BEGIN
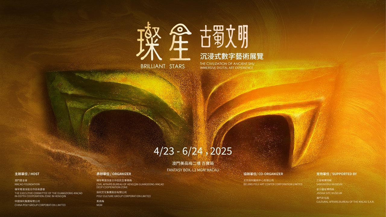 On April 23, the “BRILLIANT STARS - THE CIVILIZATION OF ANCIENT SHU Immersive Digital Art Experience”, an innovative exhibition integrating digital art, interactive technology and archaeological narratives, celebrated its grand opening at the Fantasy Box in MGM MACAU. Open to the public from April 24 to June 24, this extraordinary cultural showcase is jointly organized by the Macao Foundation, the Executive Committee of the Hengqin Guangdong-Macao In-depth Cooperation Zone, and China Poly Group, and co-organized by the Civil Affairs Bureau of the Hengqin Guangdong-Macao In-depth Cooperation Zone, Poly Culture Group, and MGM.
END
BEGIN
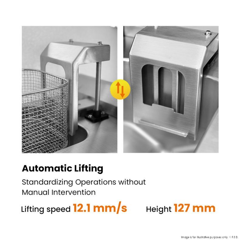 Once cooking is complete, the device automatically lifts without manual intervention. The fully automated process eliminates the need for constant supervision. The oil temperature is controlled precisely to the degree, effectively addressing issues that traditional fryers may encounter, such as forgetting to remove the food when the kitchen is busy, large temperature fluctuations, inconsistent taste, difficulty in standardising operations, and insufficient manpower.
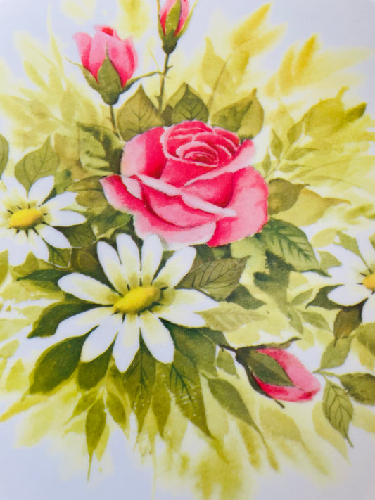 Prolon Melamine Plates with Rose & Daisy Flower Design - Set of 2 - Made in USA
END
BEGIN
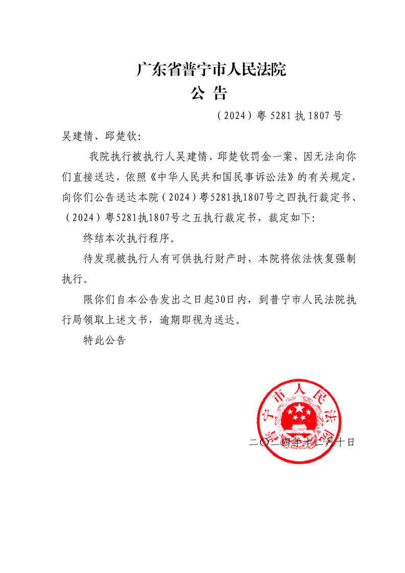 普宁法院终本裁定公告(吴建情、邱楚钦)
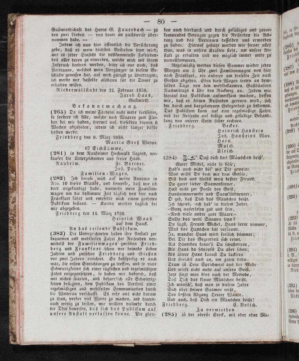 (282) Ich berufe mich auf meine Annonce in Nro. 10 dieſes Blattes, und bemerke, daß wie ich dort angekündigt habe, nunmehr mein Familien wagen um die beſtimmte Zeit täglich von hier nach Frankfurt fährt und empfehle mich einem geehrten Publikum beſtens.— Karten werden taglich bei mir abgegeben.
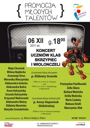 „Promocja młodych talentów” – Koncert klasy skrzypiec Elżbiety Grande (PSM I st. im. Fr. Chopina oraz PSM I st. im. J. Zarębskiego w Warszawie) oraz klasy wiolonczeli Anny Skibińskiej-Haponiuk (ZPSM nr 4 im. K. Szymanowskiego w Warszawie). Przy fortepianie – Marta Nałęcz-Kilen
END
◆ PROBLEM TO WORK ON ◆
Look above for the line with "Once cooking is" and the line with "Prolon Melamine Plates". Output those two and everything between them exactly, pictures excluded.

◆ RESPONSE AREA ◆
 Once cooking is complete, the device automatically lifts without manual intervention. The fully automated process eliminates the need for constant supervision. The oil temperature is controlled precisely to the degree, effectively addressing issues that traditional fryers may encounter, such as forgetting to remove the food when the kitchen is busy, large temperature fluctuations, inconsistent taste, difficulty in standardising operations, and insufficient manpower.
 Prolon Melamine Plates with Rose & Daisy Flower Design - Set of 2 - Made in USA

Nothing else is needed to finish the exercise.